The lifelong love affair between Matt Damon and Ben Affleck ensures they’ll always be mentioned in the same breath, but for a long time, it looked as though one had their head screwed on tighter than the other.

After initially going their separate ways in the 1990s, having become overnight sensations after Good Will Hunting won the Academy Award for ‘Best Original Screenplay’, it became clear that while Damon fancied himself as an actor, Affleck seemed more preoccupied with becoming a movie star.

All you need to look at is the films they made in the aftermath to reach that conclusion: Damon made The Rainmaker with Francis Ford Coppola, Saving Private Ryan with Steven Spielberg, The Talented Mr Ripley with Anthony Minghella, and even The Legend of Bagger Vance, despite being crap, gave him the opportunity to be directed by Robert Redford.
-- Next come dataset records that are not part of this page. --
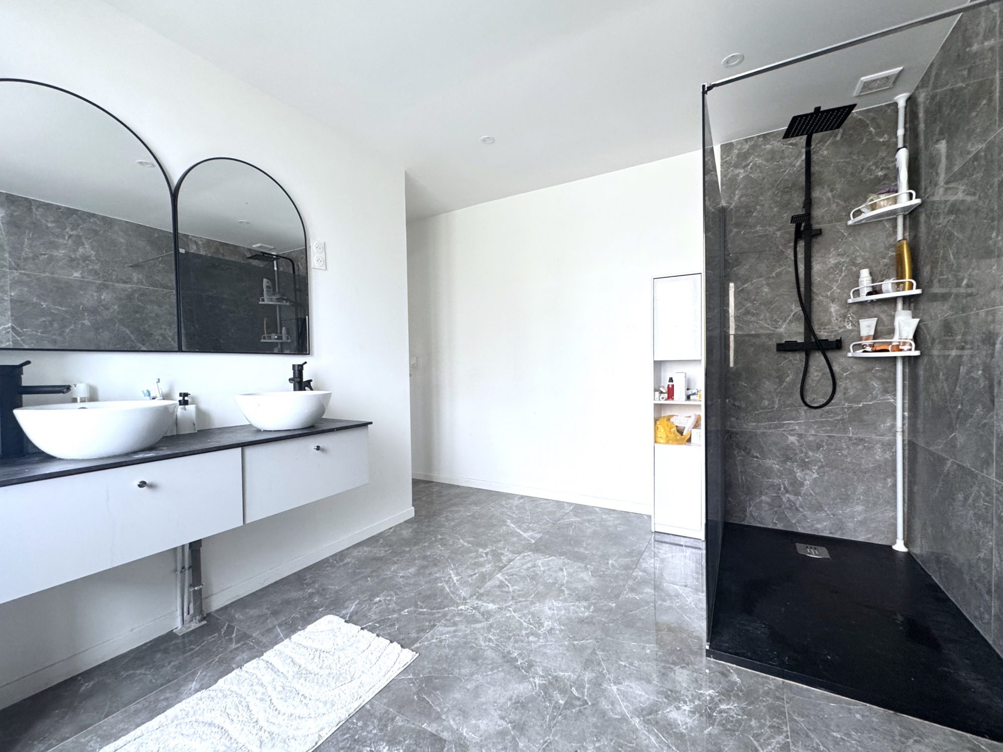 ...Au rez-de-chaussée : entrée cathédrale avec placard, cuisine aménagée et équipée, séjour double...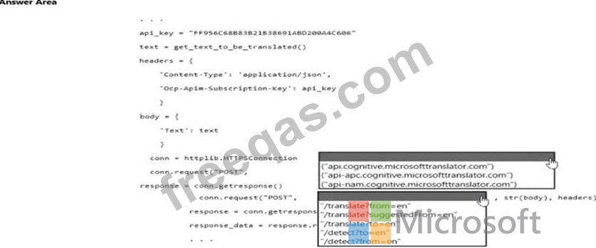 The application will translate text retrieved by using a function named get_text_to_be_translated. The text can be in one of many languages. The content of the text must remain within the Americas Azure geography.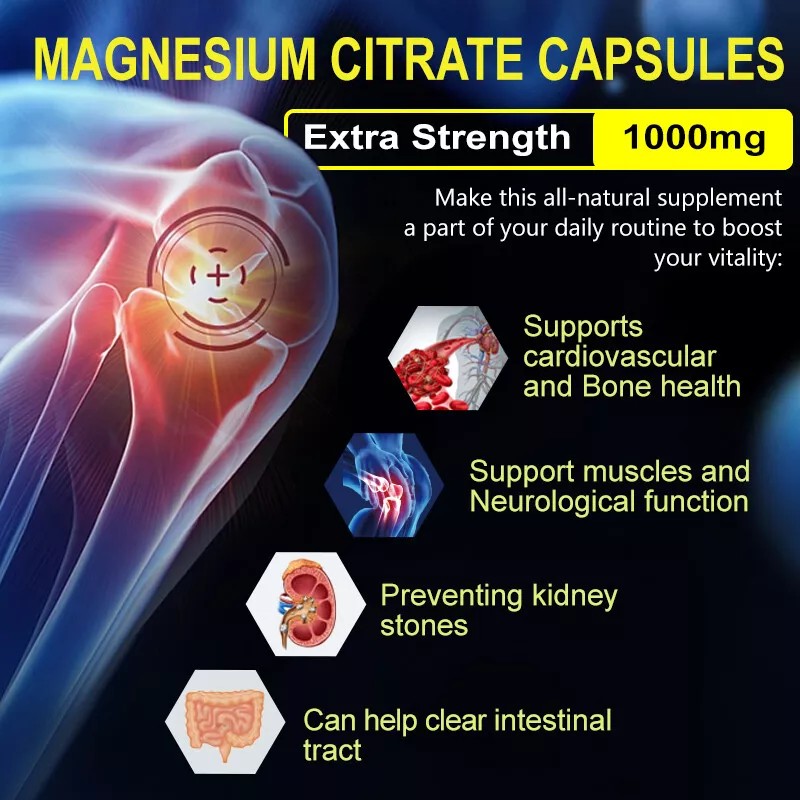🔹 Ingrediente activo: Citrato de Magnesio (1000 mg por cápsula)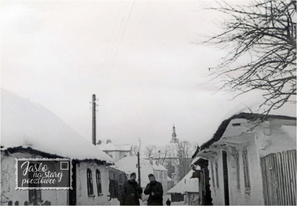 Ul. Basztowa. W głębi kościół parafialny. Zdjęcie małoobrazkowe : 8.6 x 6.1 cm.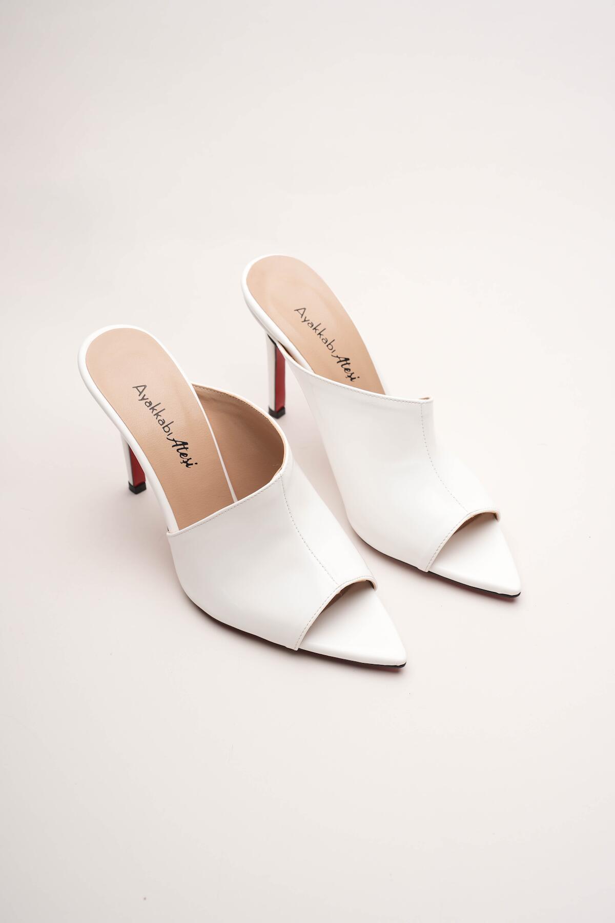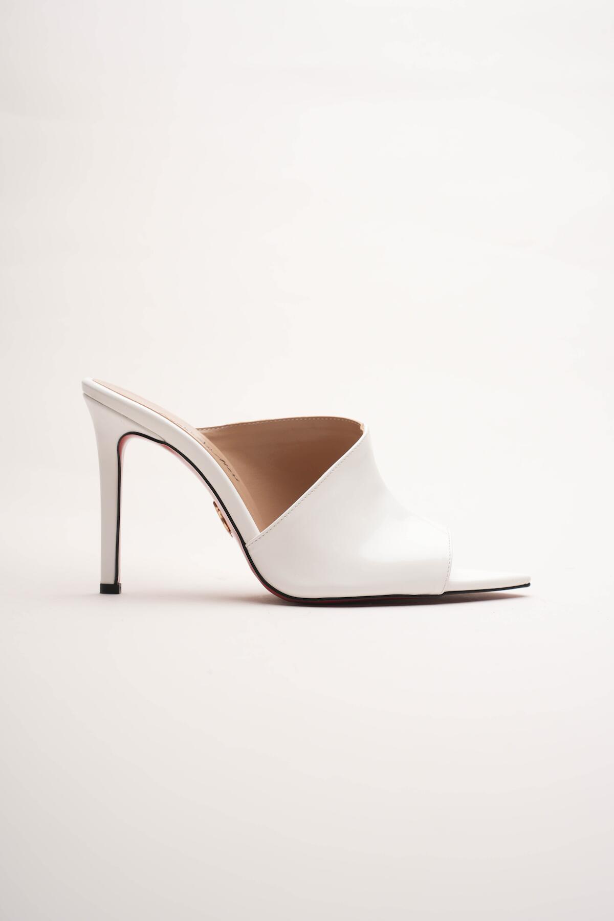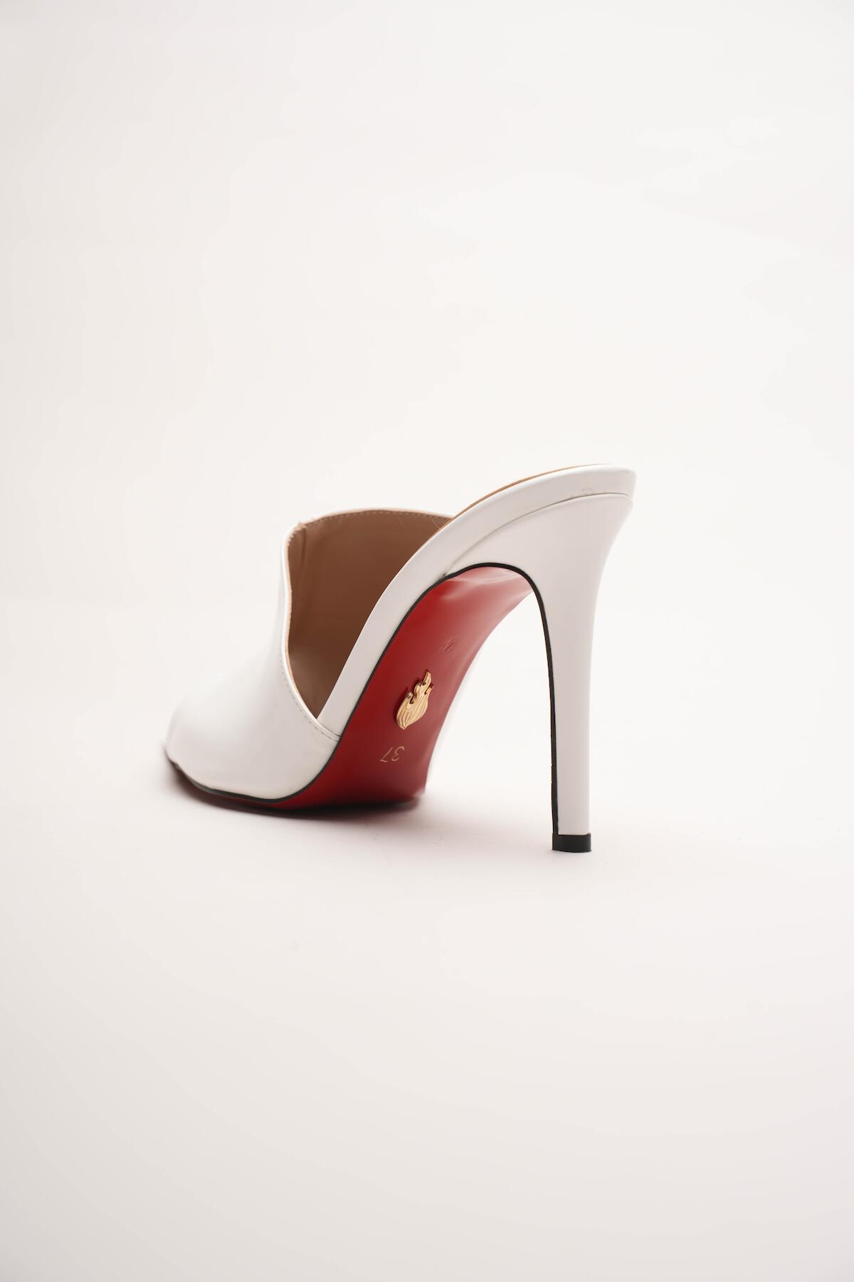 Kadın Tasarım İnce Topuklu Terlik Carolina Beyaz Rugan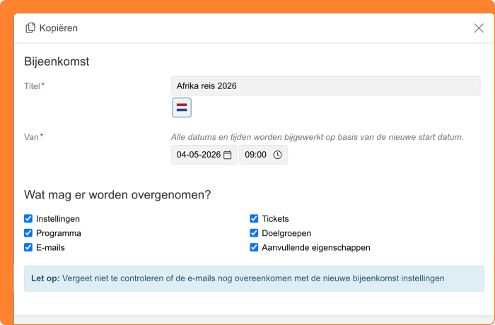 Kopieer je een bestaande bijeenkomst als basis voor een nieuwe? Dan verschijnt er nu een melding wanneer je de e-mails meekopieert. Deze herinnering attendeert je erop om de e-mailteksten te controleren en aan te passen aan de nieuwe bijeenkomst.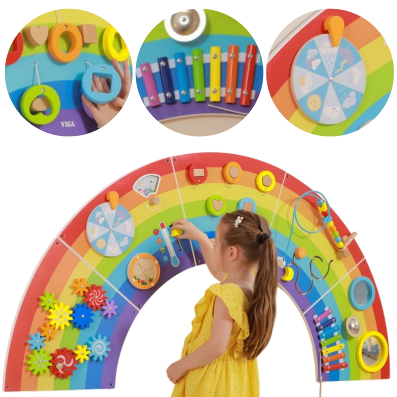 Ryški, lavinamoji sieninė lenta vaivorykštės formos, kurioje rasite 12 skirtingų veiklų: besisukantys krumpliaračiai ir diskai, formų rūšiuoklę, muzikinį ksilofiną, ergonominę karoliukų spiralę, veidrodį, orų lentelę ir kt. Visos veiklos suskirstytos į 5 dalis, vienu metu bus patogu žaisti keliems vaikučiams.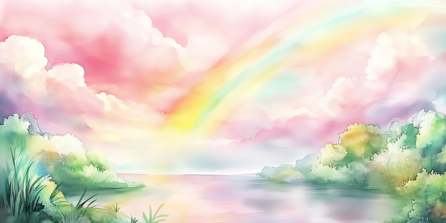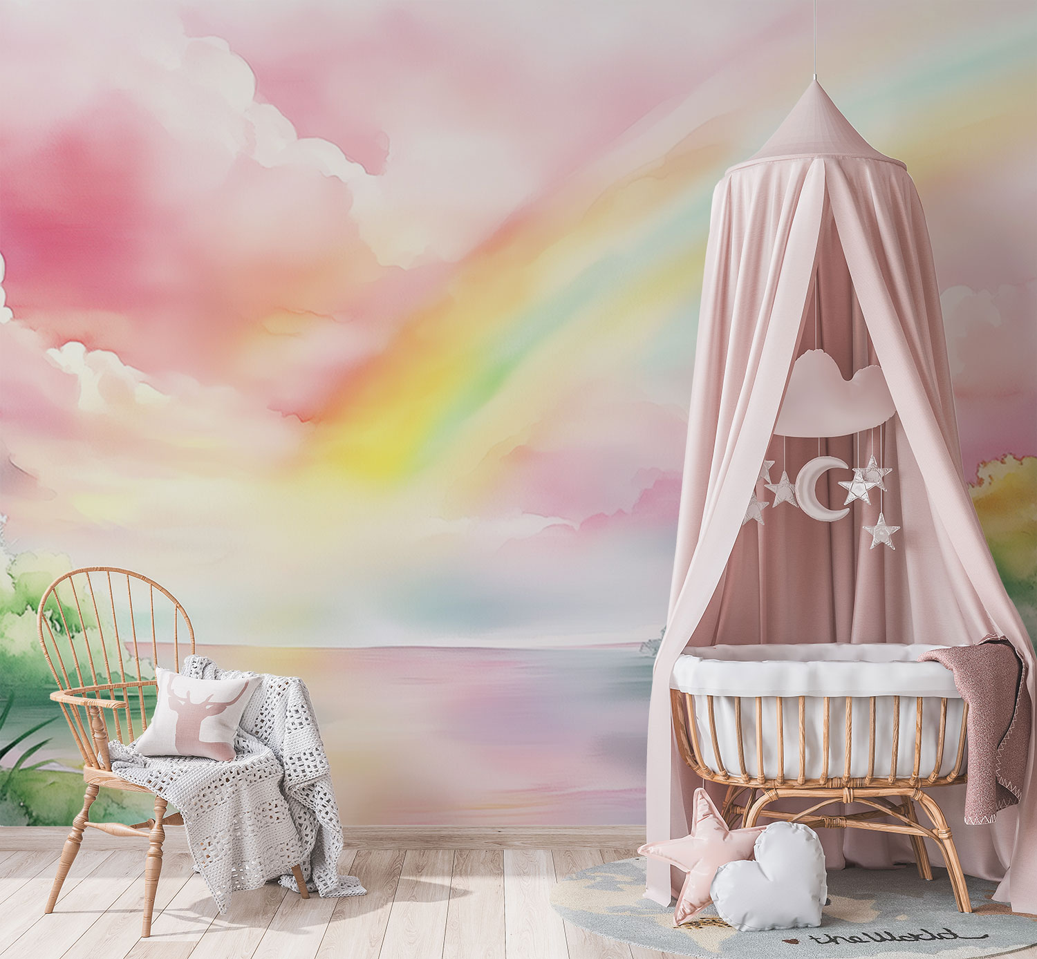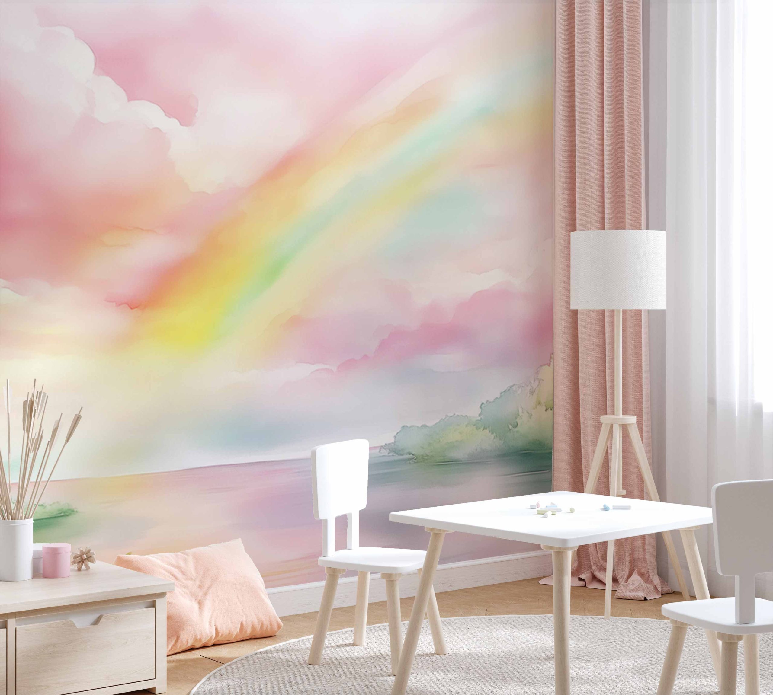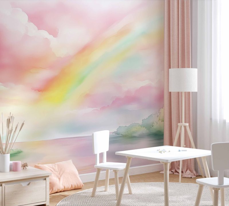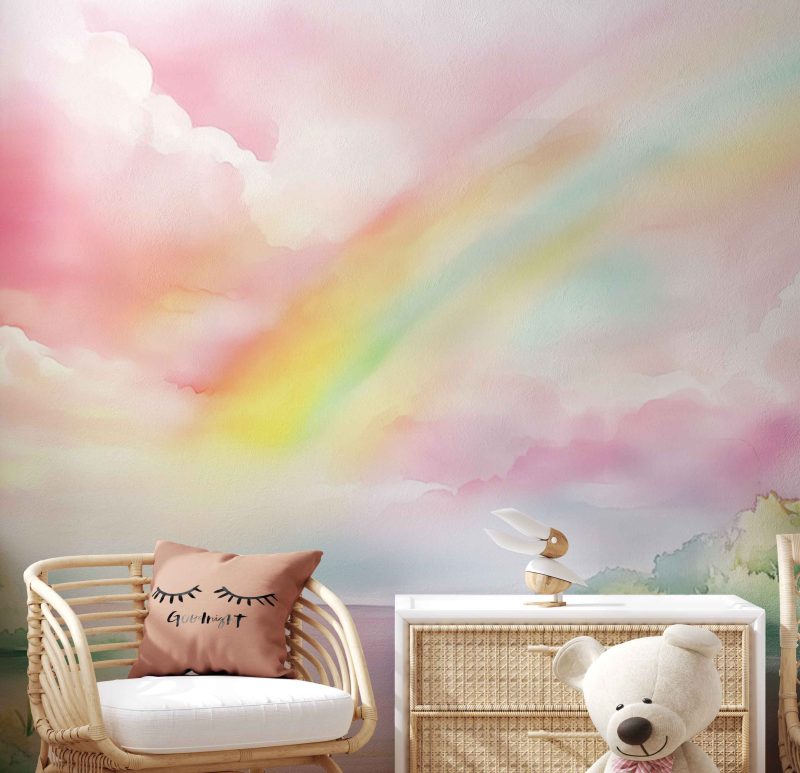 Dromerige waterverfkleuren dansen over de muur: een betoverende regenboog wervelt tussen roze wolken en groene bomen. Alsof je door een sprookjeslandschap loopt waar de lucht zacht zingt en de natuur tot leven komt. Perfect voor een kinderkamer vol verwondering – deze magische wereld stimuleert de fantasie en brengt rustige, vrolijke energie.

Affleck’s first post-Good Will Hunting outing came in the sci-fi horror Phantoms, which flopped, even though he was the bomb in it. After that, he teamed with Michael Bay for Armageddon and Pearl Harbor and stuck with tedious genre fare by boarding Reindeer Games opposite Charlize Theron, which she regrets to this day.

By the early 2000s, Damon had reinvented himself as the thinking man’s action hero, reinventing the genre in the process, in The Bourne Identity, while Affleck torpedoed the Jack Ryan franchise in The Sum of All Fears, sent John Woo scurrying away from Hollywood with his tail between his legs in Paycheck, and decided that starring opposite Jennifer Lopez in Gigli was a good idea.

It would be an understatement to say they experienced mixed fortunes when their paths diverged, but on the plus side, Affleck has since bounced back. However, Damon dived out of the way of a bullet that struck his platonic life partner squarely in the chest when he was offered the title role in 2003’s Daredevil.

Casting his mind back to that period, the star bristled at the ongoing comparisons between the two. “The reality is that if Michael Bay had offered me Armageddon when Good Will Hunting was in the can, which was when Ben got offered that role, I would have taken it, too,” he explained. “I would have taken any job that any director offered me at that point. And if Ben had been offered Saving Private Ryan he would have done it, but suddenly I became the serious one. It’s all bullshit.”

Damon wasn’t done there, either. “I would have done Daredevil,” he declared. “Ben and I loved that comic book, but I just didn’t quite believe in the script or the director at the time.” The character was their shared favourite superhero, but Damon’s concerns over writer and director Mark Steven Johnson’s lack of credentials convinced him that it wasn’t the right move.

Obviously, Affleck had no such concerns, and for the last 20 years, he’s shit all over the superhero blockbuster whenever he’s had the chance. His overriding memory of the experience was a frank, “I hate Daredevil so much,” and it’s haunted him ever since. If he had the same mindset as Damon, he too could have avoided the debacle entirely.